An image-free, verbatim transcription of the records is the expected result.

[Opening Data section]

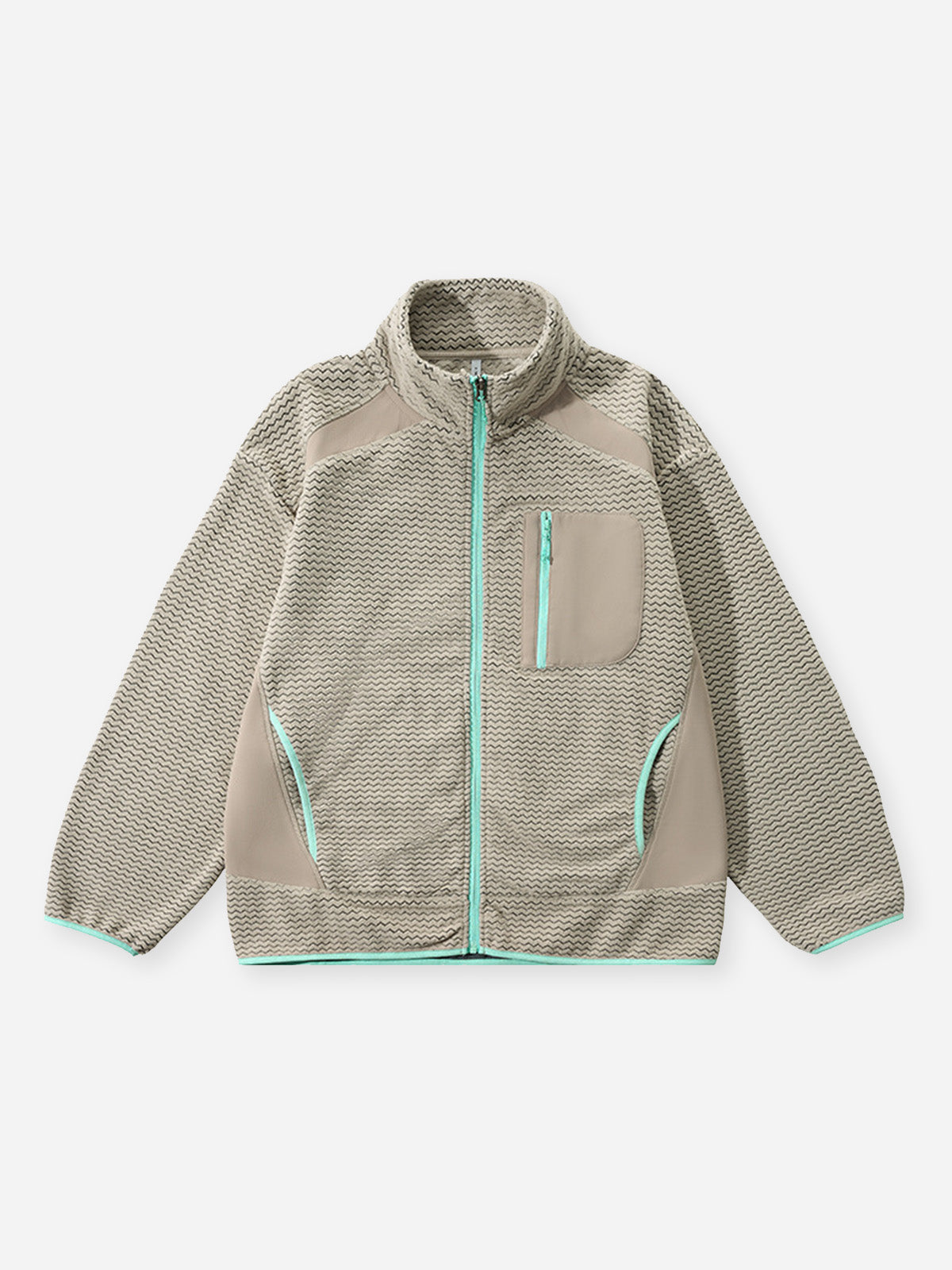 Wave Pattern Contrast Color Zip-up Jacket
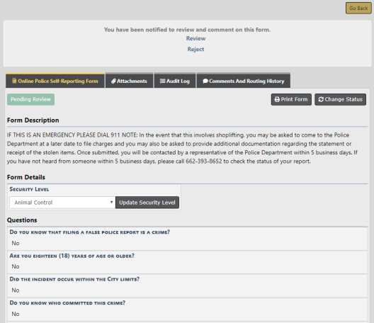 Follow these steps when the submission involves an event that does not require a police report. You do, however, want to show the Custom Form was Reviewed and Accepted by your agency.
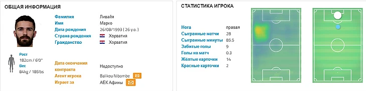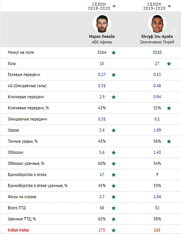 Вот его сравнение с лучшим бомбардиром чемпионата Греции:
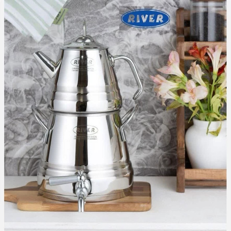 ست کتری قوری ریور طراحی مدرنی دارد و تمام نیازهای روزانه را برآورده می کند استفاده کتری و قوری استیل به حفظ طعم و عطر اصلی چای و قهوه کمک می کند. استیل علاوه بر حفظ عطر و طعم نوشیدنی، پایداری بالایی در برابر حرارت و حرارت غیرمستقیم دارد و گذر زمان تاثیر خاصی در کیفیت و ظاهر آن ندارد.
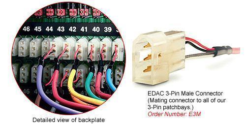 These patchbays are typically shipped with the shunts set up for Half-Normalling. For bussed grounds, specify when ordering. Please note that once these units are bussed, they cannot be altered. Panel is supplied with 52 E3M 3-Pin male mating connectors and 156 crimp pins.
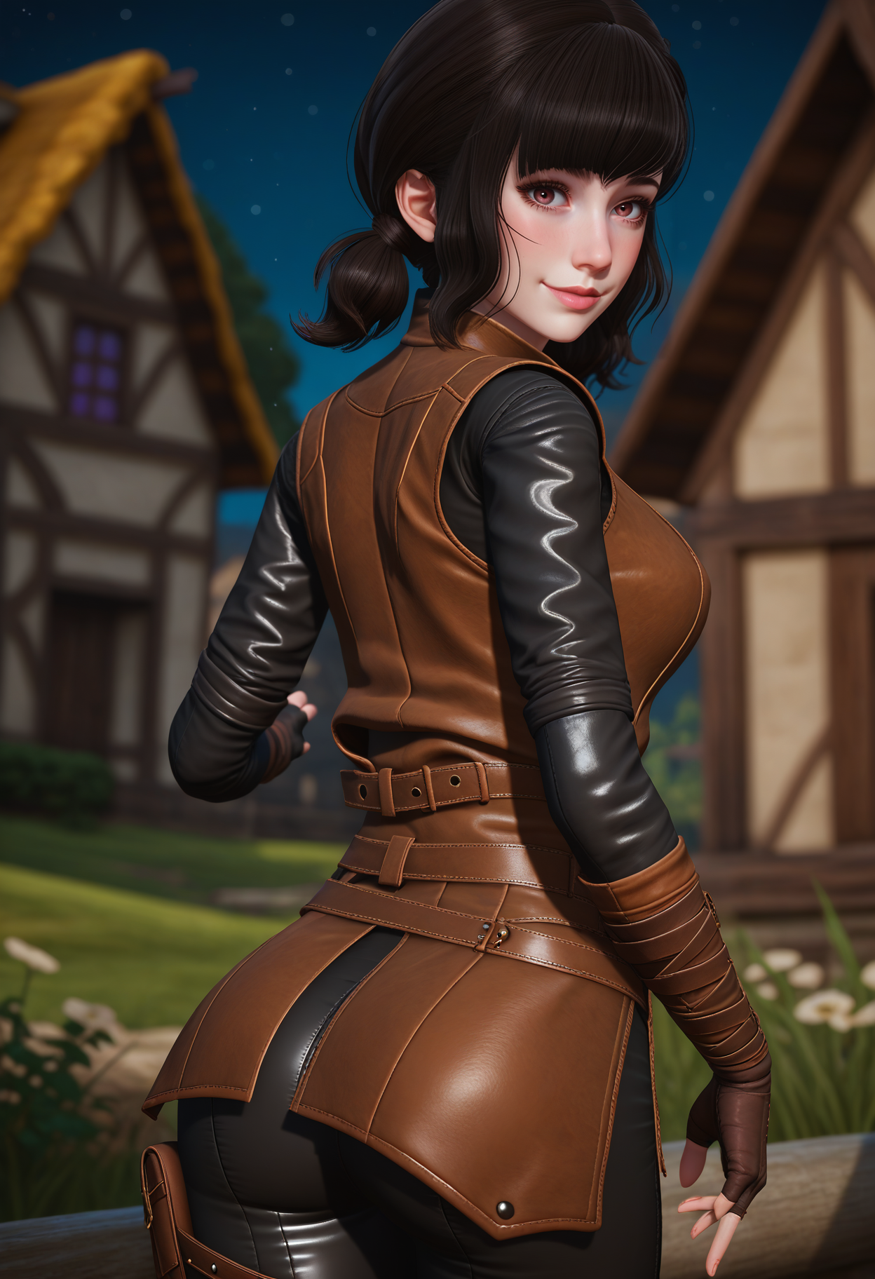 短双马尾,棕色背心,黑色上衣,皮革上衣,长袖,黑色长裤,腰带,枪套,露指手套,皮革手套,皮革靴子,多把剑,剑鞘,入鞘,
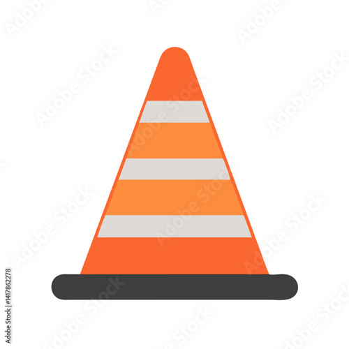 An isometric illustration of a bright orange traffic cone with white reflective stripes casting a shadow on a white background.
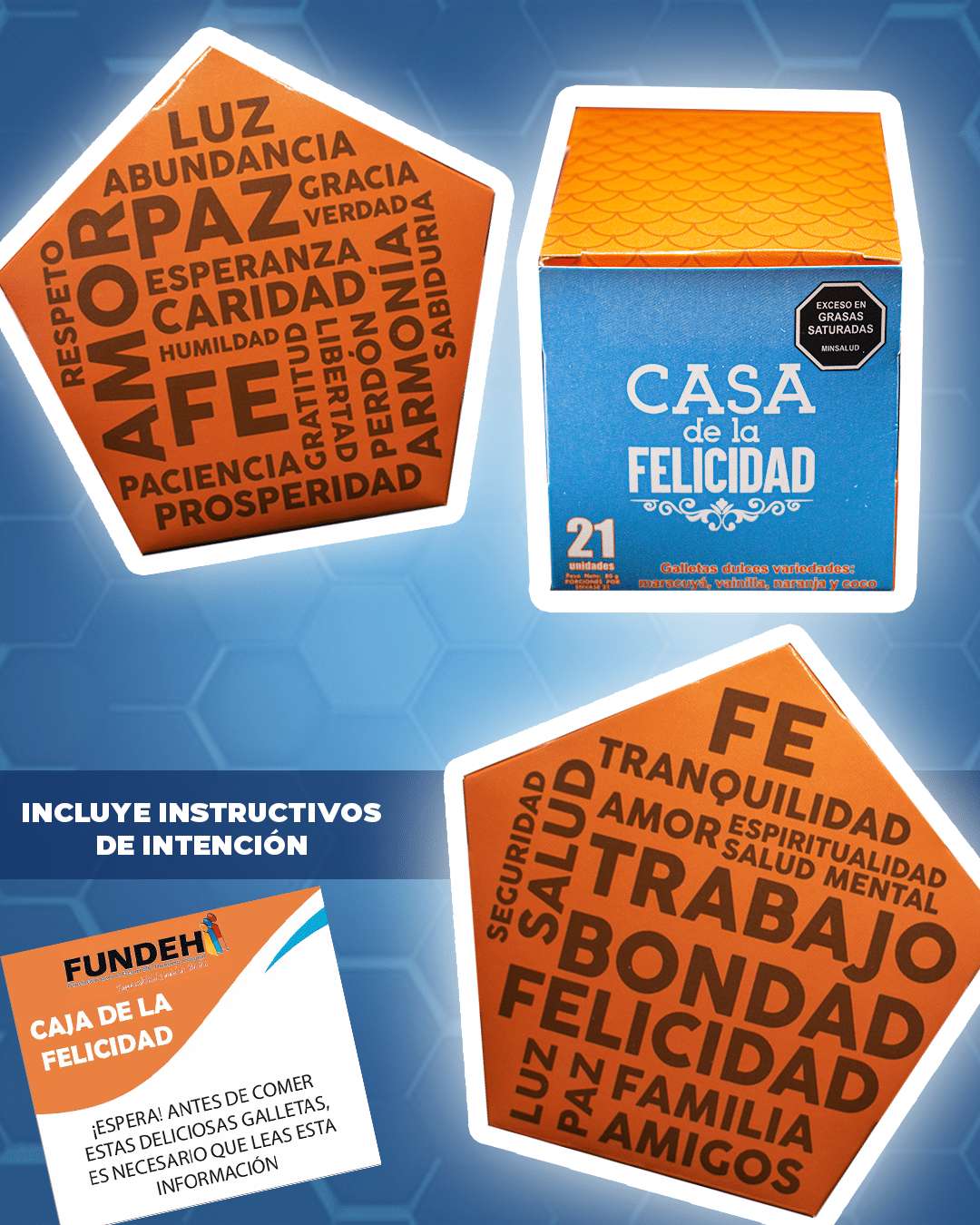 Esta caja casa de la felicidad es especial porque te enseña cómo reprogramar tu mente y generar un hábito por medio de un alimento, contiene 21 deliciosas galletas de 5 g sabor a de chips de chocolate adicional trae instructivo de uso.

[Closing Data section]

- Response below:
 Wave Pattern Contrast Color Zip-up Jacket
 Follow these steps when the submission involves an event that does not require a police report. You do, however, want to show the Custom Form was Reviewed and Accepted by your agency.
 Вот его сравнение с лучшим бомбардиром чемпионата Греции:
 ست کتری قوری ریور طراحی مدرنی دارد و تمام نیازهای روزانه را برآورده می کند استفاده کتری و قوری استیل به حفظ طعم و عطر اصلی چای و قهوه کمک می کند. استیل علاوه بر حفظ عطر و طعم نوشیدنی، پایداری بالایی در برابر حرارت و حرارت غیرمستقیم دارد و گذر زمان تاثیر خاصی در کیفیت و ظاهر آن ندارد.
 These patchbays are typically shipped with the shunts set up for Half-Normalling. For bussed grounds, specify when ordering. Please note that once these units are bussed, they cannot be altered. Panel is supplied with 52 E3M 3-Pin male mating connectors and 156 crimp pins.
 短双马尾,棕色背心,黑色上衣,皮革上衣,长袖,黑色长裤,腰带,枪套,露指手套,皮革手套,皮革靴子,多把剑,剑鞘,入鞘,
 An isometric illustration of a bright orange traffic cone with white reflective stripes casting a shadow on a white background.
 Esta caja casa de la felicidad es especial porque te enseña cómo reprogramar tu mente y generar un hábito por medio de un alimento, contiene 21 deliciosas galletas de 5 g sabor a de chips de chocolate adicional trae instructivo de uso.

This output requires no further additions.